God I hate it when they say that


----------



## Stogiefanatic182 (Oct 28, 2005)

t'kay said:


> I know where you can get some meat. Cheap and Easy.:al


I believe its called a strip joint


----------



## Nely (Nov 11, 2004)

icehog3 said:


> Anyone know where I can buy some good Cuban meat?


Hey Hog I got your cuban meat. Pm me if interested


----------



## RcktS4 (Jan 13, 2005)

Nely said:


> Hey Hog I got your cuban meat. Pm me if interested


her we go again...



BrokebackIcehog said:


> I wish I could quit you, Nely!


----------



## awhitaker (Sep 23, 2005)

Actually 'ooops' sells fakes. If you want some real ISOMs(that's code for Cubans), then order from 'crap my bad', 'I'm with stupid', and 'has anyone seens my shoes'.


----------



## illuminatus (Oct 20, 2005)

awhitaker said:


> Actually 'ooops' sells fakes. If you want some real ISOMs(that's code for Cubans), then order from 'crap my bad', 'I'm with stupid', and 'has anyone seens my shoes'.
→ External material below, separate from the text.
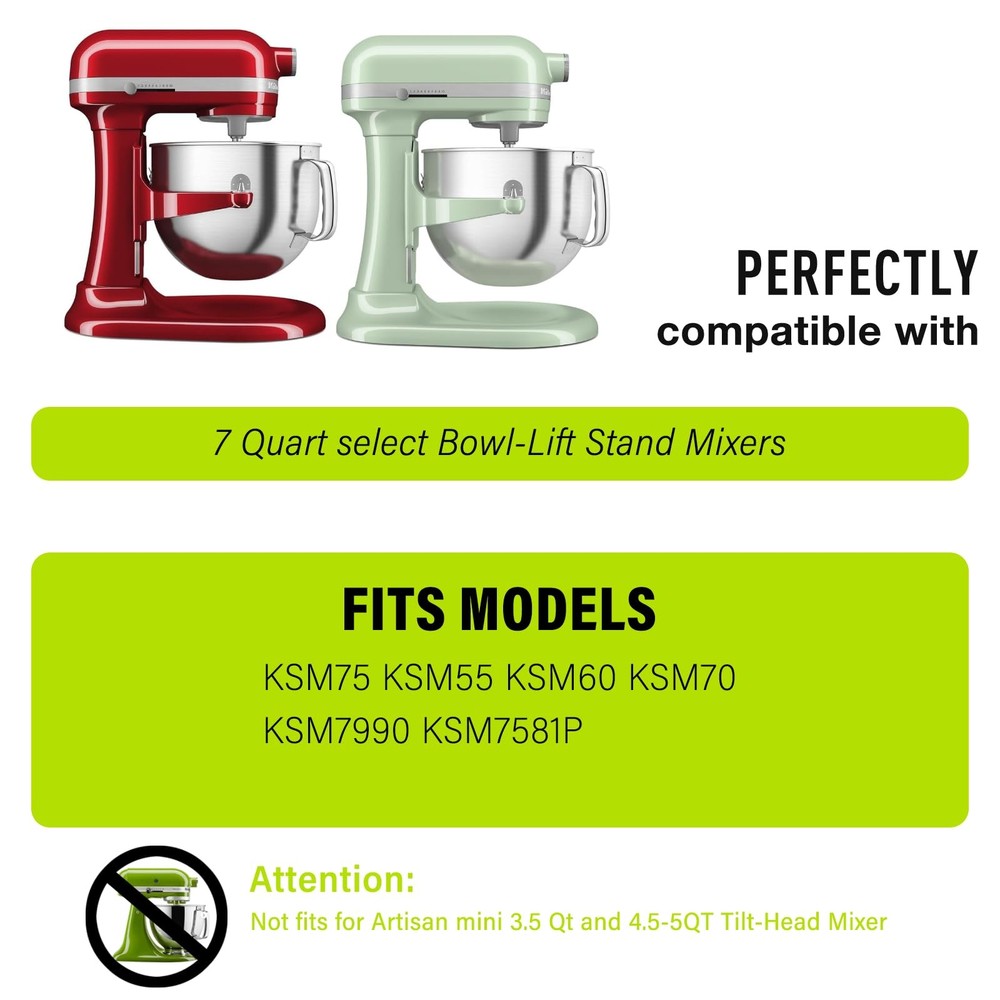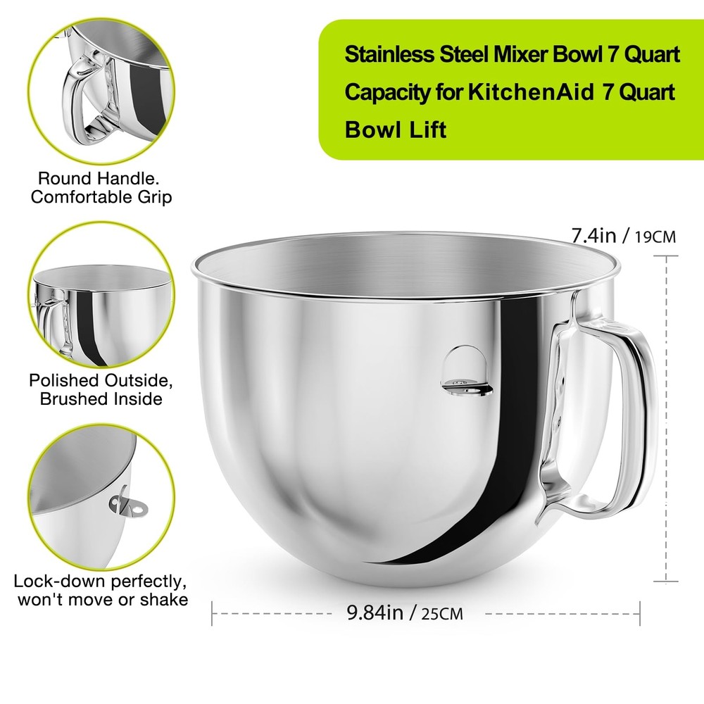 7QT Stainless Steel Mixer Bowl Compatible with Kitchenaid Stand Mixers, Kitchenaid Mixing Bowl Replacement Bowl for 7QT Bow-Lift Stand Mixer with Handle and Lid [Wide Compatibility]: The mixing bowl is perfectly matched with KSM70SKXXVB, KSM70SKXXCA, KSM70SKXXBK , KSM70SKXXCU, KSM70SKXXER, KSM70SKXXFT, KSM70SKXXDR, KSM70SKXXMH, KSM70SKXXMI, KSM70SKXXPT, KSM70SKXXWHK, KSM7581, KSM7591, KSM-7580, KMS7586RSR, KMS7586PCA, KSM7589PFP, KMS7586POB, KMS8990NPK, SM7990, KSM7581P. Ensure the mixing bowl is securely attached to the blender with strong locking features on both ends. (Please note that this product is not currently available for the other model.) [Durable Materials]: This kitchen aid mixing bowl is made of high-quality 304 stainless steel to ensure it is sturdy and durable. Unlike glass bowls, this large stainless steel mixing bowl is lightweight, thick, and sturdy. The stainless steel material is rust-resistant and can withstand long-term use and frequent stirring, providing a reliable choice for your kitchen. [Large Capacity]: Experience the extra large capacity of our 7-quart stainless steel mixing bowl, providing ample space to mix thick dough or batter, whether you are making dough, cakes, etc. or large mixtures, it can be easily handled. The bowl covers are made of splash-guard plastic to prevent ingredients from splattering during high-speed mixing, reducing mess and waste while keeping your countertop clean. Easy to clean: This stainless steel mixing bowl for kitchenaid mixer accessories has a smooth surface and is not easy to adhere to food residue. This makes cleaning very easy, you can easily wash the mixing bowl by hand or put it in the dishwasher. Ideal Gift & Service:This kitchen aid mixing bowls is a great household gift for Thanksgiving, Christmas Day, Mother's Father's Day, Valentine's Day.

LMFAO... way to go gorillas, you educated him without chewing him out...


----------



## SuperT (Oct 19, 2005)

This dude has BIG BALLS!

That's all I have to say about that.


----------



## Braxxy (Apr 1, 2005)

Darn I'm too late to find out which site oops really was. Drat!
Double drat in fact!
:hn


----------